There's a split method in the re module that should work for you.
>>> s = 'abcde2011-09-30.log'
>>> re.split('(\d{4}-\d{2}-\d{2})', s)
('abcde', '2011-09-30', '.log')
If you don't actually want the date as part of the returned list, just omit the parentheses around the regular expression so that it doesn't have a capturing group:
>>> re.split('\d{4}-\d{2}-\d{2}', s)
('abcde', '.log')
Be advised that if the pattern matches more than once, i.e. if there is more than one date in the filename, then this will split on both of them. For example,
>>> s2 = 'abcde2011-09-30fghij2012-09-31.log'
>>> re.split('(\d{4}-\d{2}-\d{2})', s2)
('abcde', '2011-09-30', 'fghij', '2012-09-31', '.log')
If this is a problem, you can use the maxsplit argument to split to only split it once, on the first occurrence of the date:
>>> re.split('(\d{4}-\d{2}-\d{2})', s, 1)

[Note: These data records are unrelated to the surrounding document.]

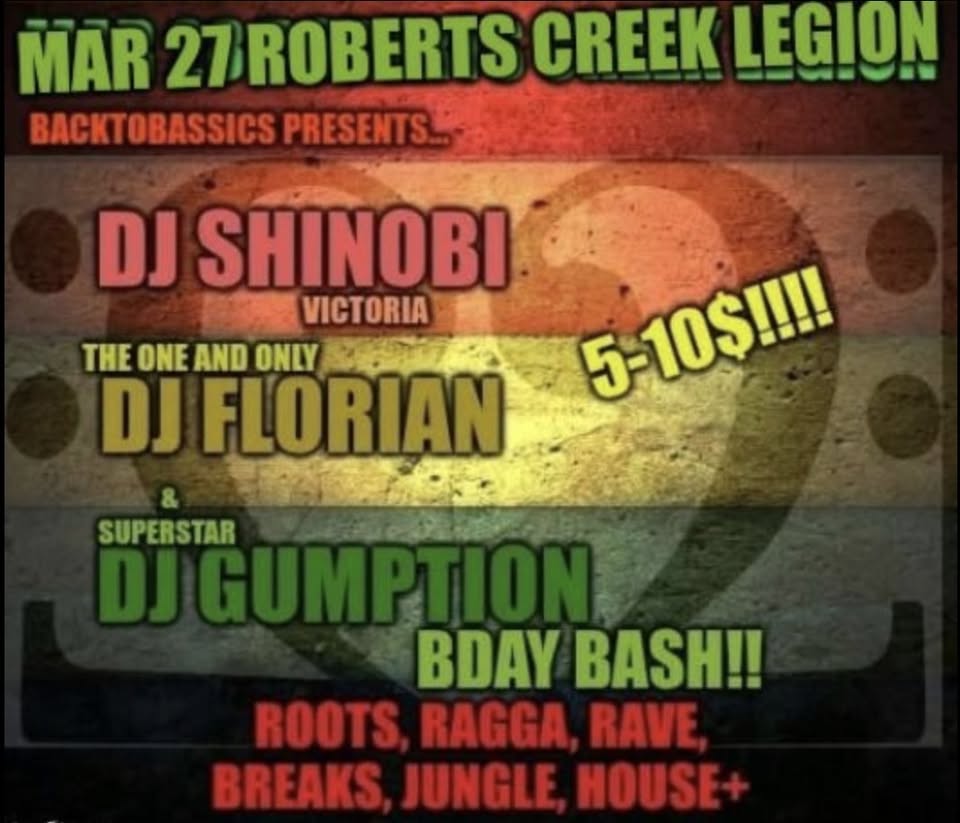 Superstar DJ Shinobi from Victoria, Florian, local legend, and myself, gumption - my bday bash. We've got breaks and jungle and house, roots and culture all night long.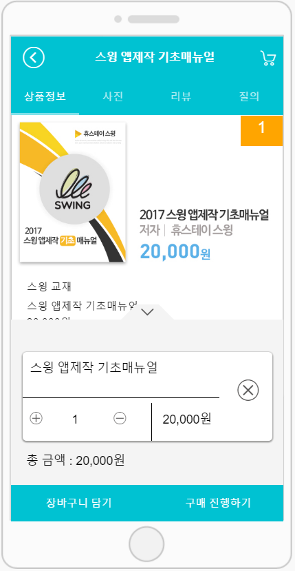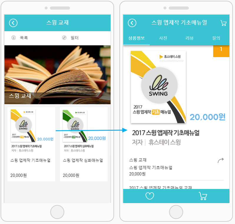 스윙 학원 샘플앱을 통해서 앱에 디지털제품-pdf파일이 어떻게 등록되었는지 확인해주세요.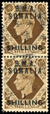 1948 BMA 1s on 1/-vertical pair, the upper stamp with Cyl. 6 dot R7/12 broken barb, fine used. SG S18 var, CW 18a (£120)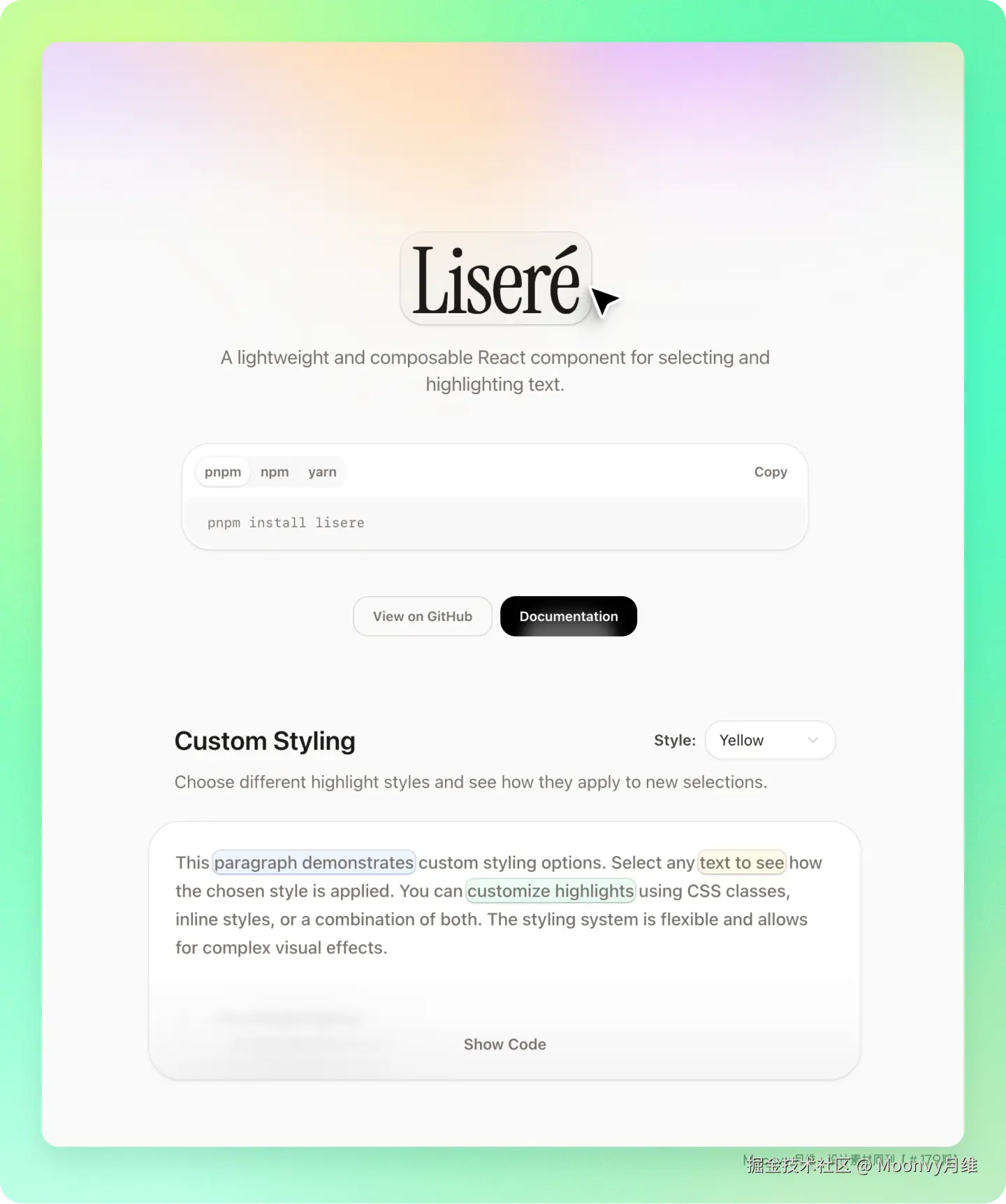 用于选择和突出显示文本的轻量级且可组合的 React 组件,完全免费在你的项目中使用

('abcde', '2011-09-30', 'fghij2012-09-31.log')
How's this:
>>> import re
>>> a = "abcde2011-09-30.log"
>>> myregexp = re.compile(r'^(.*)(\d{4}-\d{2}-\d{2})(\.\w+)$')
>>> m = myregexp.match(a)
>>> m
<_sre.SRE_Match object at 0xb7f69480>
>>> m.groups()
('abcde', '2011-09-30', '.log')
I don't know the exact python regex syntax but something like this should do the job:
/^(\D+?)([\d-]+)(\.log)$/
(without using regex and interpreting your string as a filename:)
lets start with splitting the filename and the extension 'log':
filename, ext = os.path.splitext('abcde2011-09-30.log')
most probably, the length of the date is allways 10, allowing for:
year, month, day = [int(i) for i in filename[-10:].split('-')]
description = filename[:-10]
However, if you are not sure we can find out where the date-part of the filename starts:
for i in range(len(filename)):
if filename[i].isdigit():
break
description, date = filename[:i], filename[i:]
year, month, day = [int[c] for c in date.split('-')]